Let’s make our variables b for bullets and c for cookies. That’s good enough for me. What are our equations? You got 135 total items. So, b + c = 135. And, with a money problem, we can multiply the cost of each item times the number of the item to get its total cost. So, 3b is the cost of $3.00 bullets, and 8c is the cost of $8.00 cookies. You spent $615.00, so 3b + 8c = 615.

Let’s use substitution again. We can make b + c = 135 into b = 135 – c. Then, substitute into the equation to get 3(135 – c) + 8c = 615. That simplifies to 405 – 3c + 8c = 615. 8c – 3c is 5c. And, 615 – 405 is 210. So, 5c = 210. Divide by 5, and get c = 42.

Plug 42 in for c in b + c = 135, and b = 93. Let’s check for zombies. No zombies? Okay, let’s check our work in the second equation. 3b + 8c = 615. That’s 3(93) + 8(42) = 615. 3 * 93 is 279. 8 * 42 is 336. 279 + 336 is 615. So, we have 93 bullets and 42 cookies. Hmm, that might last a few days.

Percent Practice

Let’s try a percent problem. These can seem like tricky systems of equations questions, but they’re really just using the same principles. Let’s say you meet up with a chemist who has the key to stopping the zombification process.

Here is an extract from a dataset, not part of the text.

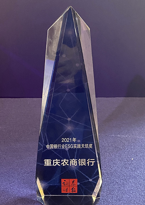 重慶農商行獲2021年中國銀行業ESG實踐天璣獎。重慶農商行供圖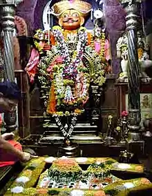 Khandoba (IAST: Khaṇḍobā), Martanda Bhairava, Malhari, or Malhar is a Hindu deity worshiped as a manifestation of Shiva mainly in the Deccan plateau of India, especially in the state of Maharashtra. He is the most popular Kuladaivat (family deity) in Maharashtra.[1] He is also the patron deity of select warrior, farming castes, Dhangar community and Brahmin (priestly) castes as well as several of the hunter/gatherer tribes that are native to the hills and forests of this region. The cult of Khandoba has linkages with Hindu and Jain traditions, and also assimilates all communities irrespective of caste, including Muslims. The worship of Khandoba developed during the 9th and 10th centuries from a folk deity into a composite god possessing the attributes of Shiva, Bhairava, Surya and Kartikeya (Skanda). He is depicted either in the form of a linga, or as an image of a warrior riding on a bull or a horse. The foremost centre of Khandoba worship is Jejuri in Maharashtra. The legends of Khandoba, found in the text Malhari Mahatmya and also narrated in folk songs, revolve around his victory over demons Mani-malla and his marriages.

She needs a water-based solution with 14% vinegar. Yep, vinegar. Vinegar does all kinds of useful things.

Unfortunately, you only have vinegar in 8% and 24% solutions, and it only works at 14%. If you want 300 gallons of 14% solution, how much 8% and 24% will you need?

Let’s use x and y. x can be the number of gallons we’ll need of the 8% solution, and y is the same for the 24%. We know we want 300 gallons. So, x + y = 300. That’s our first equation.

We also know we want the amount of vinegar in the 8% solution plus the amount in the 24% solution to equal 14% in the 300 gallons. We can rewrite what I just said as .08x + .24y = .14 * 300. That’s the number of gallons of 8% times the 8%, which is .08, plus the number of y gallons times its concentration at 24%, equaling the final 300 gallons at 14 zombie-stopping percent.

Let’s make that first equation x = 300 – y, and substitute it into the second equation to get .08(300 – y) + .24y = 42. Simplify that to 24 – .08y + .24y = 42. Let’s get the ys together, and move the 24 over to get .16y = 18. Divide by .16 and get y = 112.5. Plug that into x + y = 300, and x = 187.5.

Again, check for zombies. Good? And cookies? Running a little low, but if we get this finished, more cookies await. Ok, let’s plug 187.5 and 112.5 into our second equation. That’s .08(187.5) + .24(112.5) = 42. .08 * 187.5 is 15. And, .24 * 112.5 is 27. 15 + 27? 42. Zombies? Vanquished!

Lesson Summary

In summary, a system of equations is simply a group of equations with the same variables. Problems involving systems of equations are useful whether you’re organizing your yarn collection or battling the zombie threat. Just identify your variables, set up your equations, then solve for your variables. And, watch out for zombie ducks – they like to gnaw!

Learning Outcome

You should be able to solve word problems that involve setting up a system of equations after watching this video lesson.